> **TASK TO COMPLETE**:
Since the pictures are not wanted, reproduce only the rest of the records, exactly as given.

> **Saved data entries**:
*** Block opens ***
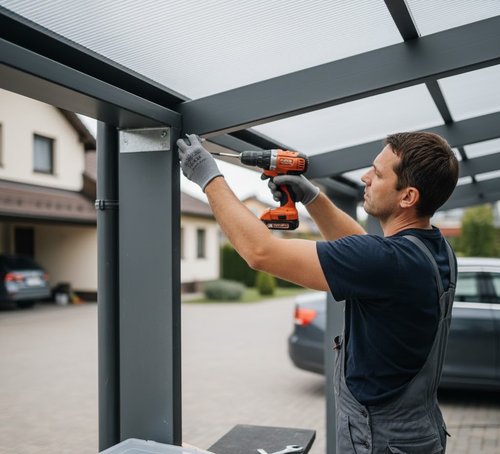 Stabiler Aufbau von Carports als geschützter Stellplatz für Ihr Fahrzeug.
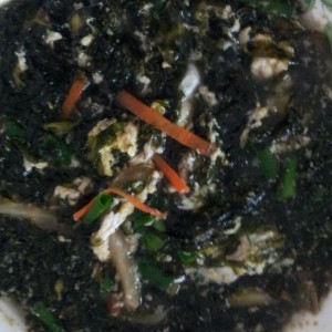锅里放入清水,滴入几滴油,等水烧开,放入紫菜、榨菜、胡萝卜。
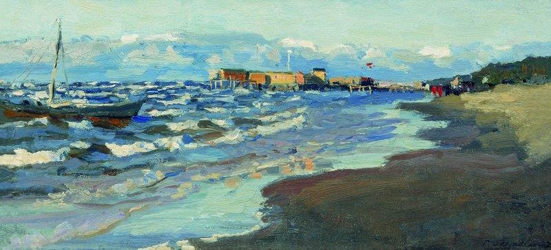 Das Gemälde "The Seashore" von Stanislaw Julianowitsch Zukowski als hochwertige, handgemalte Ölgemälde-Replikation.
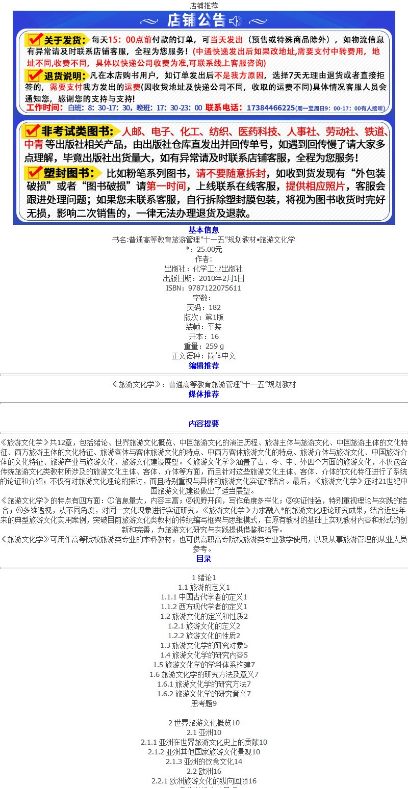 普通高等教育旅游管理十一五规划教材 旅游文化学 喻学才 化学工业出版社 9787122075611
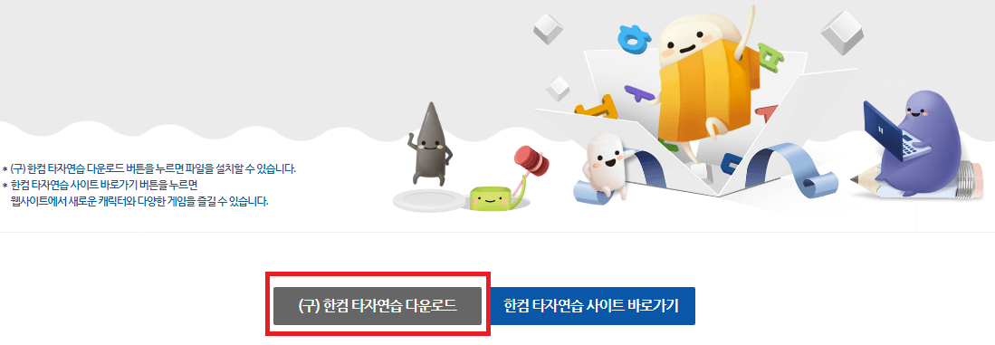 왼쪽 아래에 (구) 한컴 타자연습 다운로드 버튼을 클릭하시면, 한컴타자연습을 다운로드 받으실 수 있습니다. 다운로드 후에 설치하시면 바로 이용가능합니다.
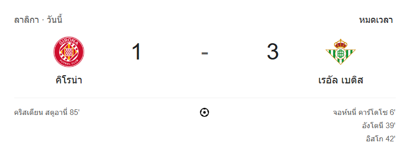 • หมดครึ่งแรก: เรอัล เบติสบุกนำคิโรน่า 3-0 ด้วยฟอร์มสุดดุดัน
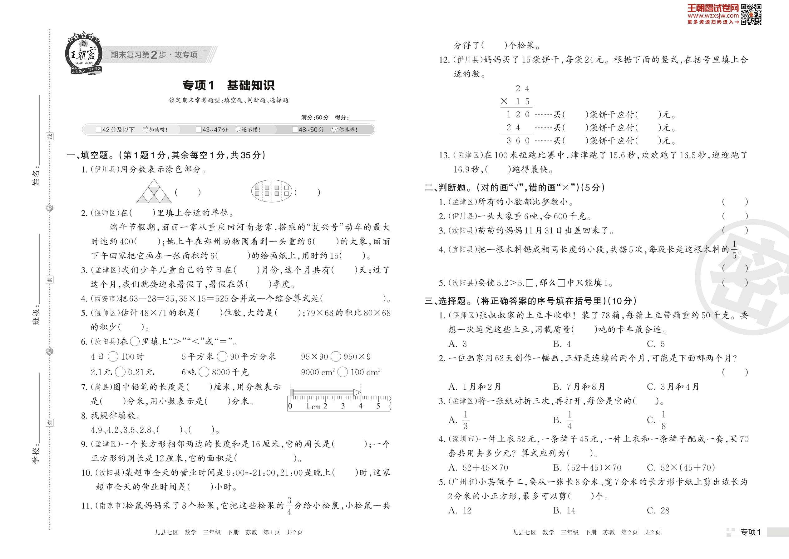 王朝霞期末专项卷——基础知识三年级下册数学(苏教版)_R230425135533240【1】
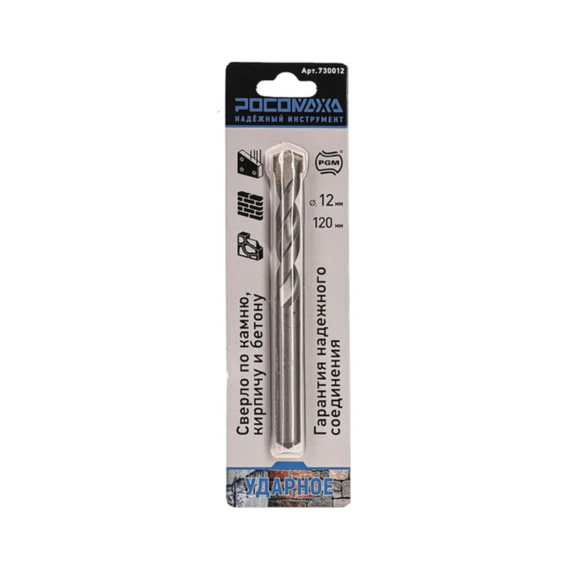 Ударное сверло по камню, кирпичу и бетону 12*120 мм "РОСОМАХА" (730012)
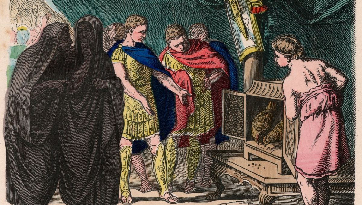 Según explica World History la Primera Guerra Púnica (264-241 a.C.), hubo varios presagios y eventos que se interpretaron como señales divinas. Uno de los más conocidos es el incidente de los pollos sagrados, donde el comandante romano Publio Claudio Pulcro, frustrado porque los pollos no comían antes de una batalla naval, los arrojó al mar, lo que fue considerado un mal augurio.
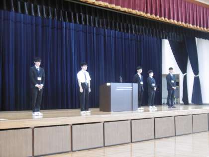 今日から始まる教育実習に向けて、教育実習生から全校生徒に向けて、あいさつをしてもらいました。本校の卒業生も多くいて、先輩として卒業後の進路などについても後輩たちに話をしてくれることを期待しています。
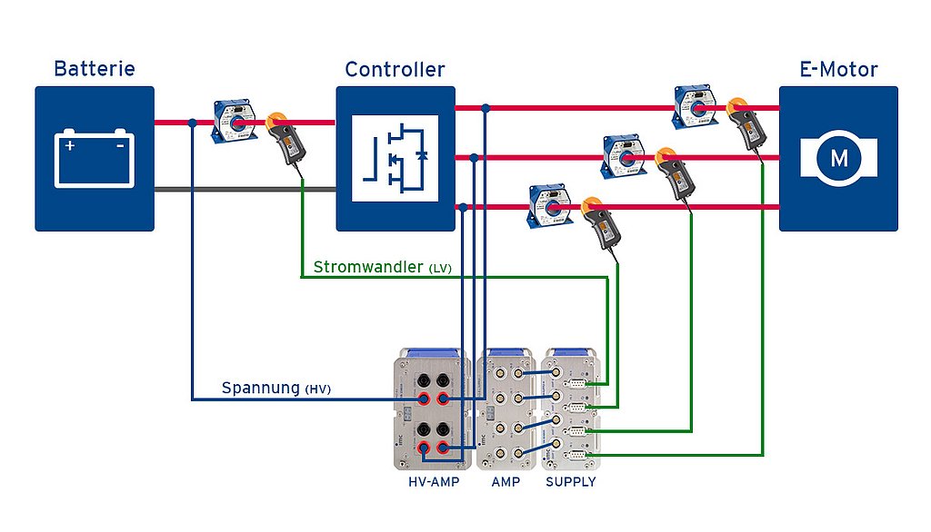 타사 장치의 소프트웨어 통합을 위한 imc STUDIO 3PDI 인터페이스(Third Party Device Integration)를 사용하면 고대역폭의 전력계를 imc 측정 네트워크에 통합할 수 있습니다. 이것은 예를 들어 펄스 폭 변조 전압과 전기 모터의 결과 전류를 분석하는 데 적용할 수 있습니다.
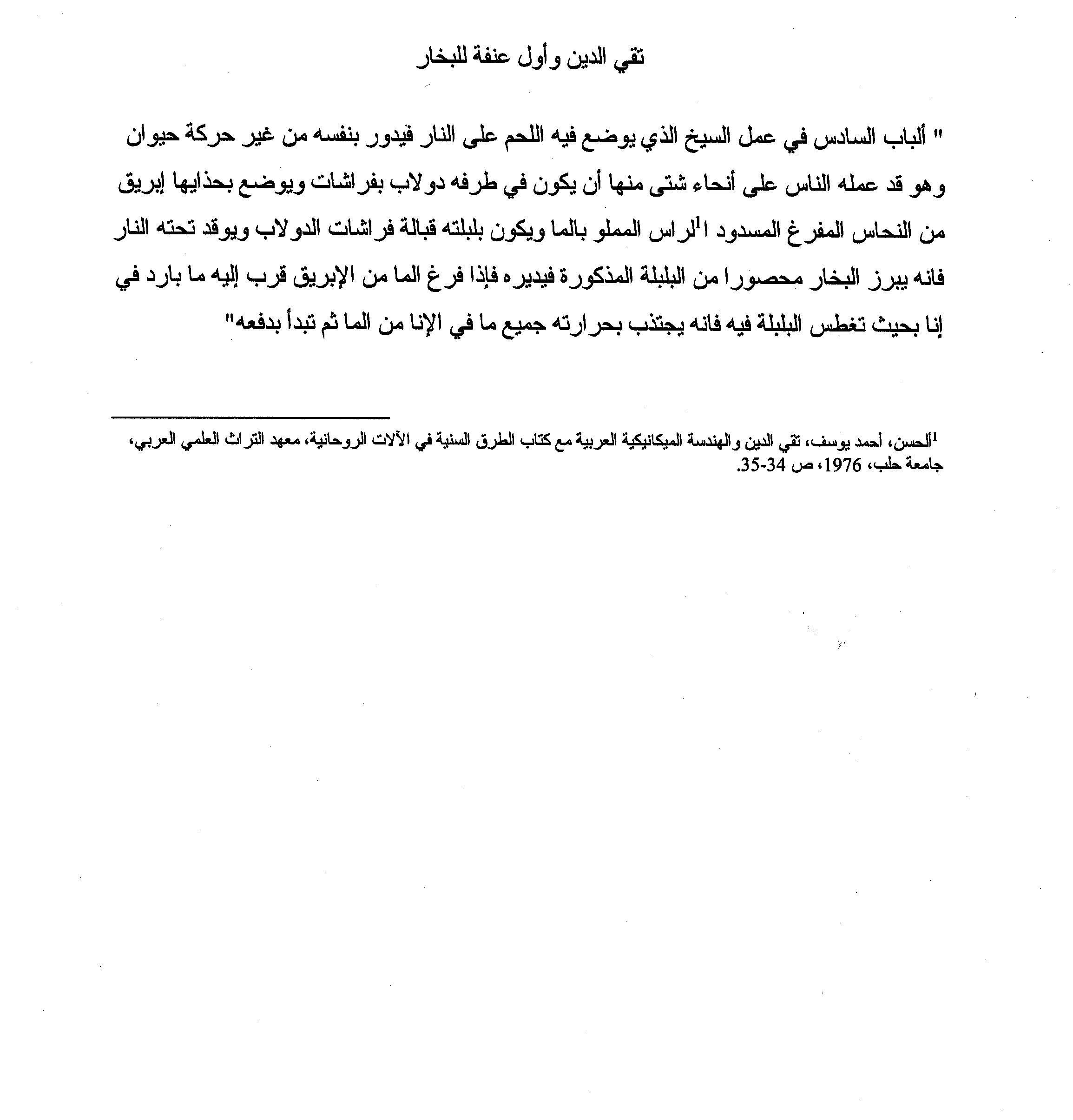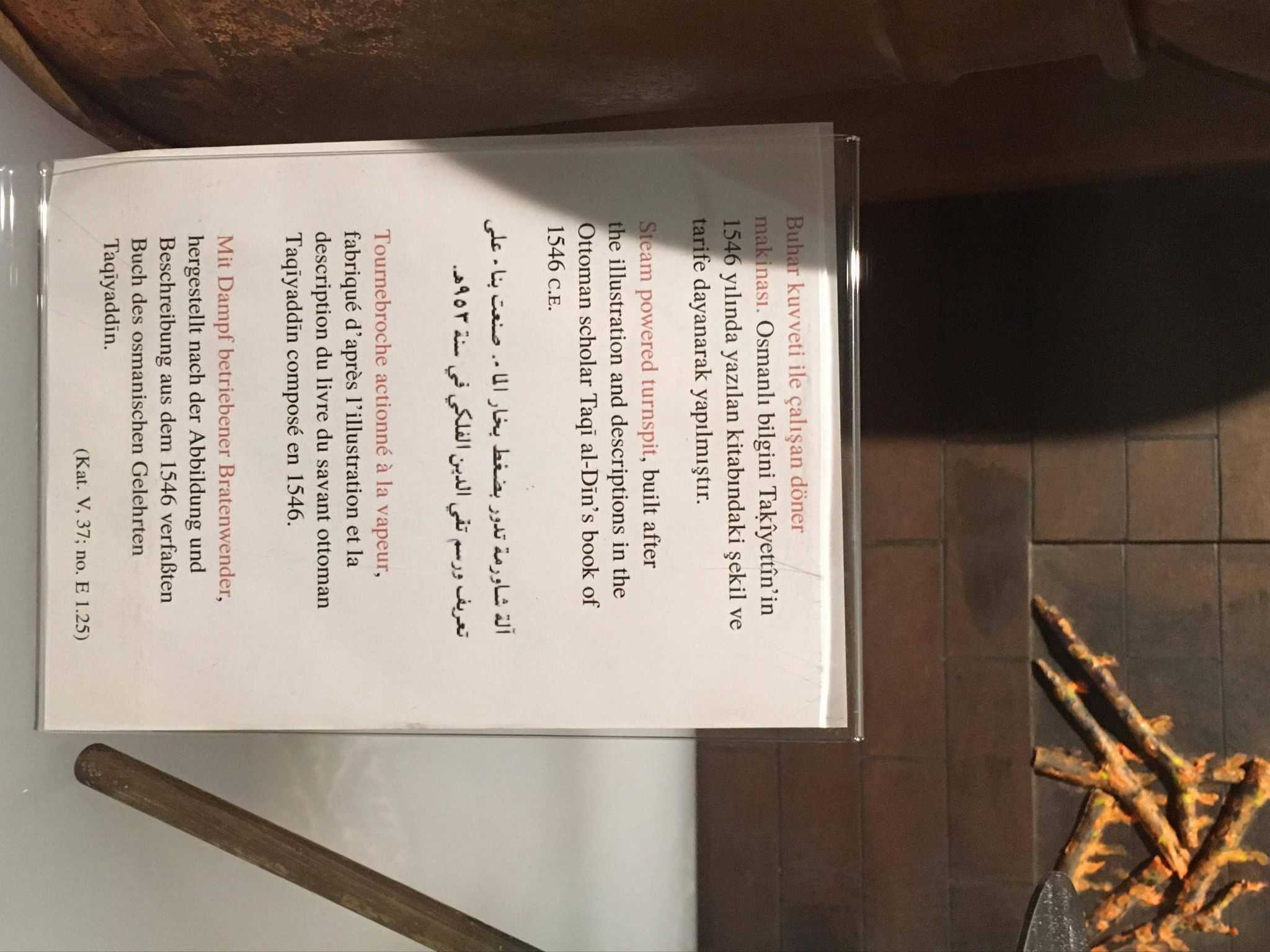 在16世纪中期,土耳其学者Taqi al-Din所写的《al-Kawakib al-Durriya fi Bengamat al-Dawriyya》(《The Brightest Stars for the Construction of Mechanical Clocks》)里描述了类似的用蒸汽吹动叶轮的机器
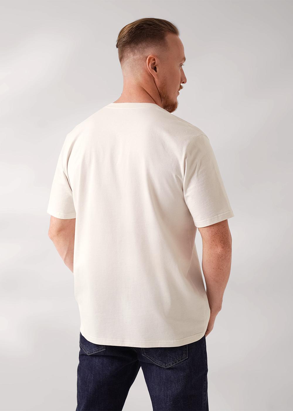 Футболка увеличенного объёма с круглой горловиной из хлопкового полотна. Изделие дополнено имиджевым принтом. Данная модель прекрасно впишется в любой гардероб и составит образ с брюками или джинсами.
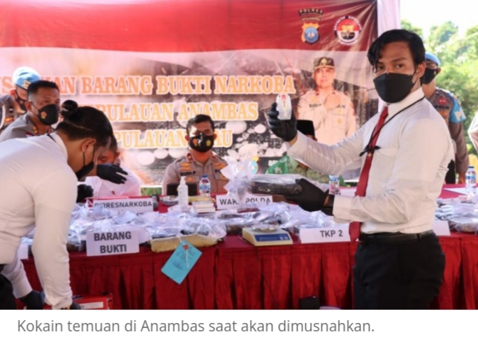 Pemusnahan kokain itu dimpimpin Wakapolda Kepri Brigjen Pol Drs. Rudij Pranoto dan didampingi DirresNarkoba Polda Kepri Kombes Pol Ahmad David S.Ik, Kabid Humas Polda Kepri Kombes Pol Harry Goldenhardt S., S.IK., M.Si. Bupati Kabupaten Kepulauan Anambas Abdul Haris SH, Kapolres Kepulauan Anambas AKBP Syafrudin Semidang Sakti, S,Ik dan Forkopimda Kabupaten Kepulauan Anambas.
*** Block closes ***
> **WRITTEN ANSWER**:
 Stabiler Aufbau von Carports als geschützter Stellplatz für Ihr Fahrzeug.
锅里放入清水,滴入几滴油,等水烧开,放入紫菜、榨菜、胡萝卜。
 Das Gemälde "The Seashore" von Stanislaw Julianowitsch Zukowski als hochwertige, handgemalte Ölgemälde-Replikation.
 普通高等教育旅游管理十一五规划教材 旅游文化学 喻学才 化学工业出版社 9787122075611
 왼쪽 아래에 (구) 한컴 타자연습 다운로드 버튼을 클릭하시면, 한컴타자연습을 다운로드 받으실 수 있습니다. 다운로드 후에 설치하시면 바로 이용가능합니다.
 • หมดครึ่งแรก: เรอัล เบติสบุกนำคิโรน่า 3-0 ด้วยฟอร์มสุดดุดัน
 王朝霞期末专项卷——基础知识三年级下册数学(苏教版)_R230425135533240【1】
 Ударное сверло по камню, кирпичу и бетону 12*120 мм "РОСОМАХА" (730012)
 Según explica World History la Primera Guerra Púnica (264-241 a.C.), hubo varios presagios y eventos que se interpretaron como señales divinas. Uno de los más conocidos es el incidente de los pollos sagrados, donde el comandante romano Publio Claudio Pulcro, frustrado porque los pollos no comían antes de una batalla naval, los arrojó al mar, lo que fue considerado un mal augurio.
 今日から始まる教育実習に向けて、教育実習生から全校生徒に向けて、あいさつをしてもらいました。本校の卒業生も多くいて、先輩として卒業後の進路などについても後輩たちに話をしてくれることを期待しています。
 타사 장치의 소프트웨어 통합을 위한 imc STUDIO 3PDI 인터페이스(Third Party Device Integration)를 사용하면 고대역폭의 전력계를 imc 측정 네트워크에 통합할 수 있습니다. 이것은 예를 들어 펄스 폭 변조 전압과 전기 모터의 결과 전류를 분석하는 데 적용할 수 있습니다.
 在16世纪中期,土耳其学者Taqi al-Din所写的《al-Kawakib al-Durriya fi Bengamat al-Dawriyya》(《The Brightest Stars for the Construction of Mechanical Clocks》)里描述了类似的用蒸汽吹动叶轮的机器
 Футболка увеличенного объёма с круглой горловиной из хлопкового полотна. Изделие дополнено имиджевым принтом. Данная модель прекрасно впишется в любой гардероб и составит образ с брюками или джинсами.
 Pemusnahan kokain itu dimpimpin Wakapolda Kepri Brigjen Pol Drs. Rudij Pranoto dan didampingi DirresNarkoba Polda Kepri Kombes Pol Ahmad David S.Ik, Kabid Humas Polda Kepri Kombes Pol Harry Goldenhardt S., S.IK., M.Si. Bupati Kabupaten Kepulauan Anambas Abdul Haris SH, Kapolres Kepulauan Anambas AKBP Syafrudin Semidang Sakti, S,Ik dan Forkopimda Kabupaten Kepulauan Anambas.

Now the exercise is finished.